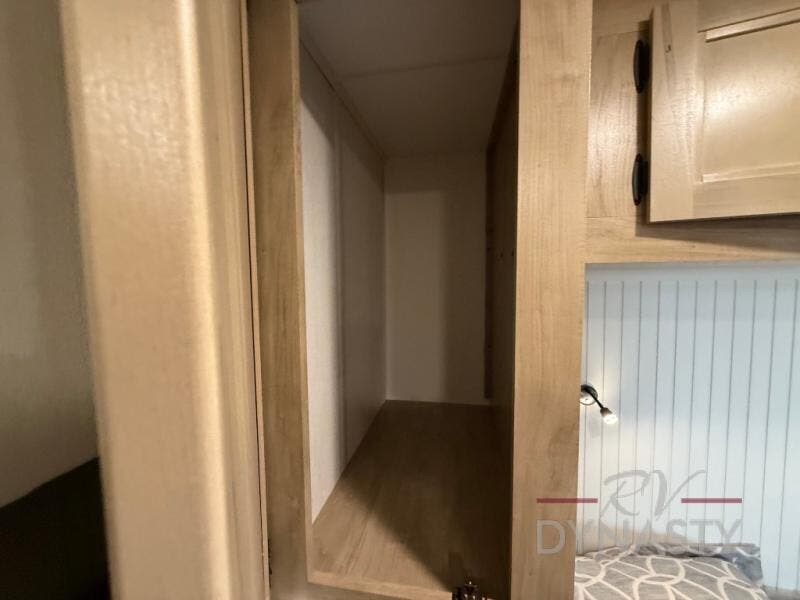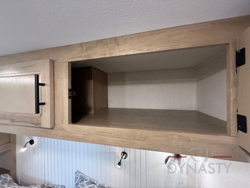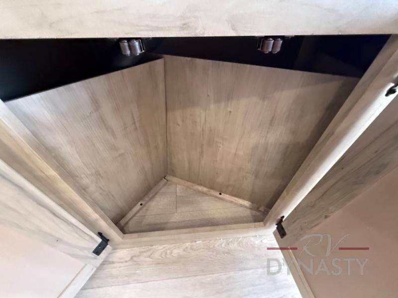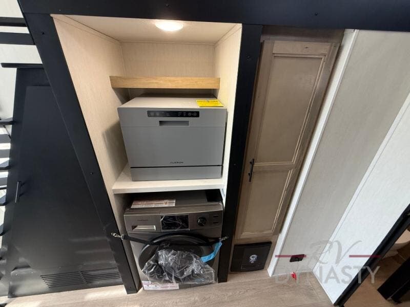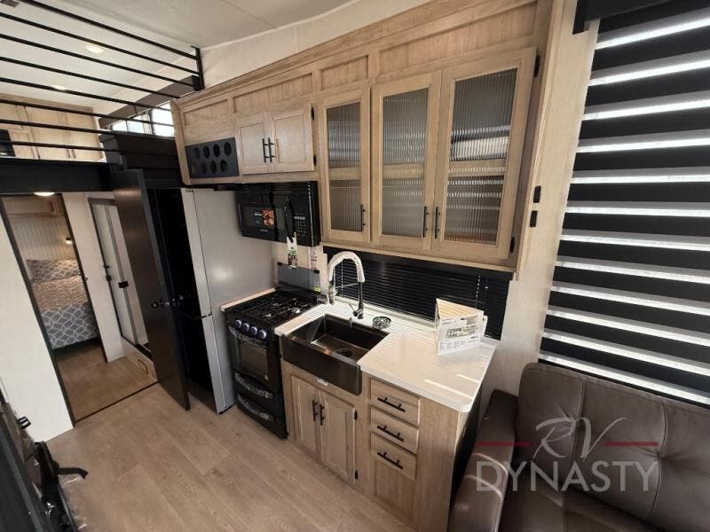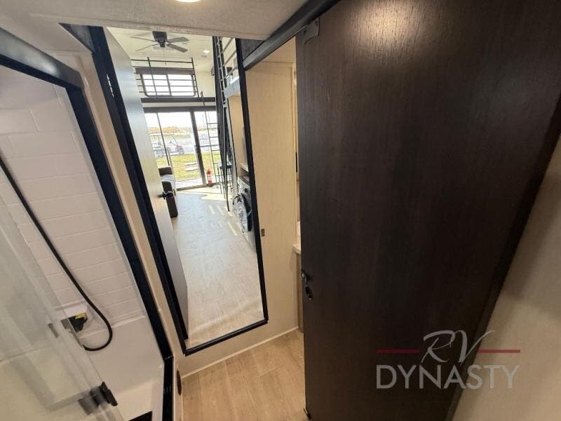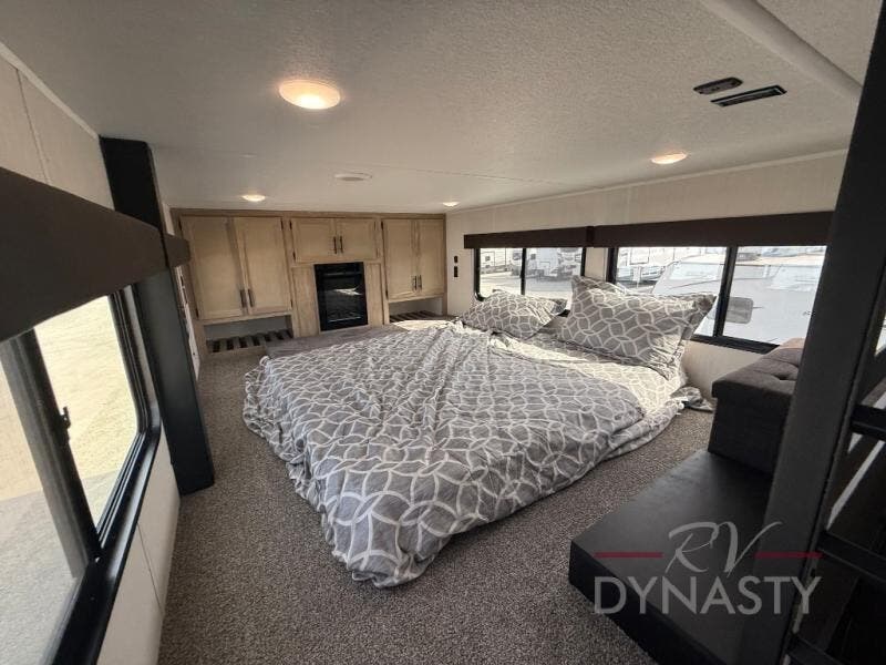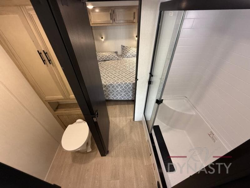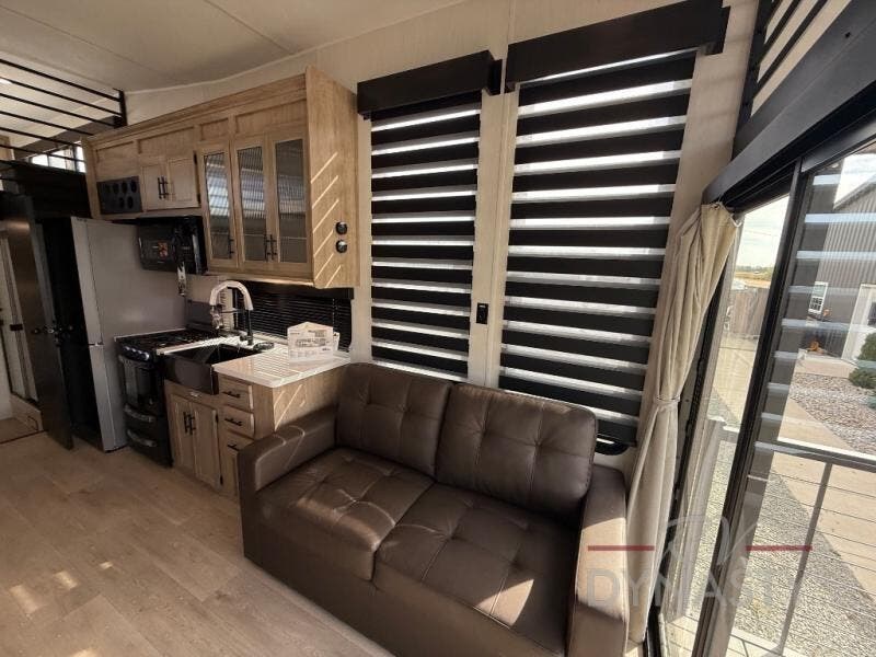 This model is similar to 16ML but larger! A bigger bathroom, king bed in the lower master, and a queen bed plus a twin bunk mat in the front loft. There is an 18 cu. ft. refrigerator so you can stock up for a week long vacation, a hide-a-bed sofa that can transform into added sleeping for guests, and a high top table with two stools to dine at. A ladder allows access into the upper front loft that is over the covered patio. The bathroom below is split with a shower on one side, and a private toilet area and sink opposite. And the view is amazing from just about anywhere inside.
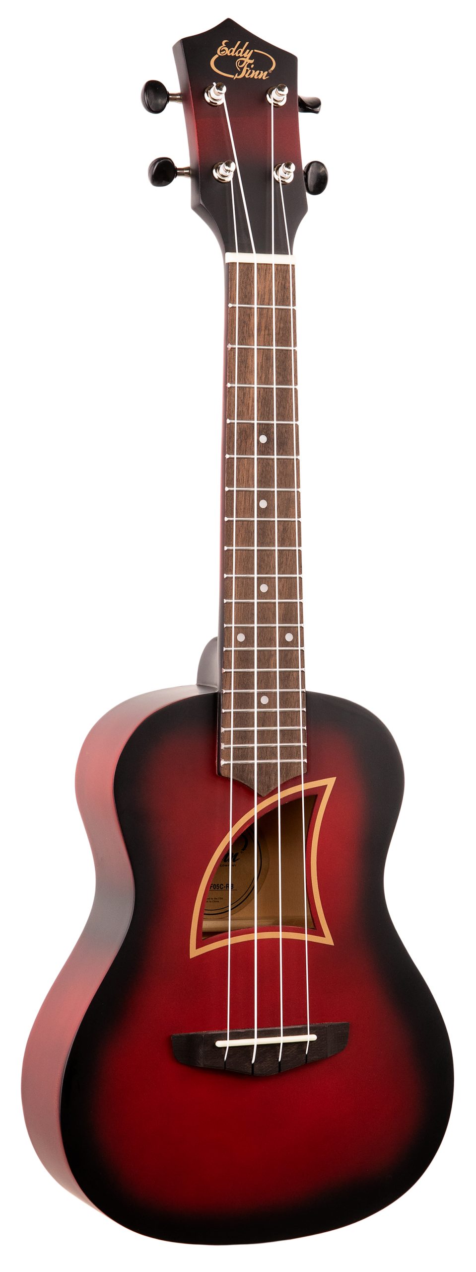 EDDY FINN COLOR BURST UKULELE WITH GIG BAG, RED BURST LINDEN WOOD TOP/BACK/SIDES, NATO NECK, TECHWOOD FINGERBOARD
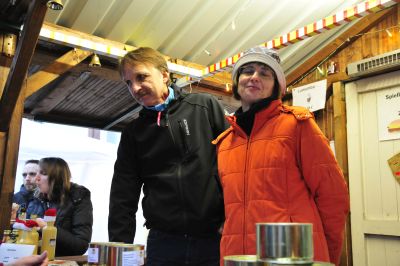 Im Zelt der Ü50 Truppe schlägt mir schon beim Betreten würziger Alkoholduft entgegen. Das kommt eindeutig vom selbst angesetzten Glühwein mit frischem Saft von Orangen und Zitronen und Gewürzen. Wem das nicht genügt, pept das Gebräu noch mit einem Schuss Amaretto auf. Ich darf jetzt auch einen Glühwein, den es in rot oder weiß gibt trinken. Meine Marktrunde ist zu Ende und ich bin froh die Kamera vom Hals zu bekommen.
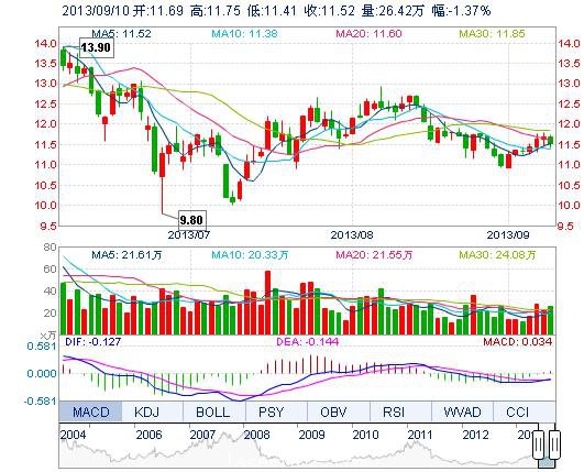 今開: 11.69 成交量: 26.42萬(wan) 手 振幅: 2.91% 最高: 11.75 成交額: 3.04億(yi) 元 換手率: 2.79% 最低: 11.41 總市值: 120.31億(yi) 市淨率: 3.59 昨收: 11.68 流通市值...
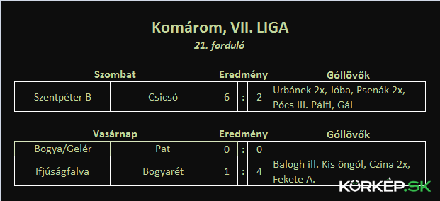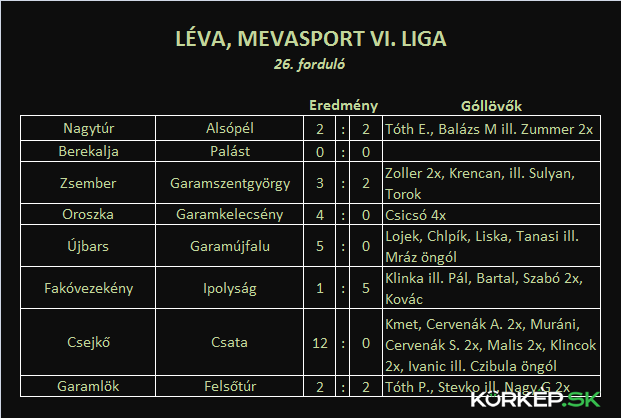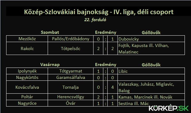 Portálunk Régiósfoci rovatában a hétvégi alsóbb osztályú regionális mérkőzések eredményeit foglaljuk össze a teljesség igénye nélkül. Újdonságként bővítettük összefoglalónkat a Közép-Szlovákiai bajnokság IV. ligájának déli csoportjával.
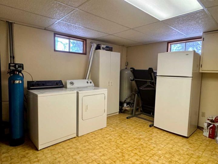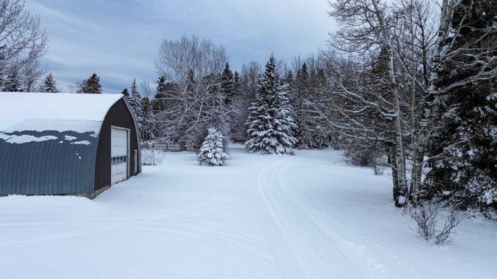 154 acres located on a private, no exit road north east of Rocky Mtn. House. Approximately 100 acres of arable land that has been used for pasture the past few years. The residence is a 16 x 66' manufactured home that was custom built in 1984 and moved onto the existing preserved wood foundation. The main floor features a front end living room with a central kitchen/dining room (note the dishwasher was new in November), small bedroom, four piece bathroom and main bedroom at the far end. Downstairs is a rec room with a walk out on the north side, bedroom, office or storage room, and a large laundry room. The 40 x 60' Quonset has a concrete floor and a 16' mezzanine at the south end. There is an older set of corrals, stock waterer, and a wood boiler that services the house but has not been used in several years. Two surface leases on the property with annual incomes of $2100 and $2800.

====================

▶ Your instructions:
The reply should consist only of the lines from the top of the material above through the line with "Portálunk Régiósfoci rovatában", printed exactly, pictures omitted.

▶ Solution to this problem:
 This model is similar to 16ML but larger! A bigger bathroom, king bed in the lower master, and a queen bed plus a twin bunk mat in the front loft. There is an 18 cu. ft. refrigerator so you can stock up for a week long vacation, a hide-a-bed sofa that can transform into added sleeping for guests, and a high top table with two stools to dine at. A ladder allows access into the upper front loft that is over the covered patio. The bathroom below is split with a shower on one side, and a private toilet area and sink opposite. And the view is amazing from just about anywhere inside.
 EDDY FINN COLOR BURST UKULELE WITH GIG BAG, RED BURST LINDEN WOOD TOP/BACK/SIDES, NATO NECK, TECHWOOD FINGERBOARD
 Im Zelt der Ü50 Truppe schlägt mir schon beim Betreten würziger Alkoholduft entgegen. Das kommt eindeutig vom selbst angesetzten Glühwein mit frischem Saft von Orangen und Zitronen und Gewürzen. Wem das nicht genügt, pept das Gebräu noch mit einem Schuss Amaretto auf. Ich darf jetzt auch einen Glühwein, den es in rot oder weiß gibt trinken. Meine Marktrunde ist zu Ende und ich bin froh die Kamera vom Hals zu bekommen.
 今開: 11.69 成交量: 26.42萬(wan) 手 振幅: 2.91% 最高: 11.75 成交額: 3.04億(yi) 元 換手率: 2.79% 最低: 11.41 總市值: 120.31億(yi) 市淨率: 3.59 昨收: 11.68 流通市值...
 Portálunk Régiósfoci rovatában a hétvégi alsóbb osztályú regionális mérkőzések eredményeit foglaljuk össze a teljesség igénye nélkül. Újdonságként bővítettük összefoglalónkat a Közép-Szlovákiai bajnokság IV. ligájának déli csoportjával.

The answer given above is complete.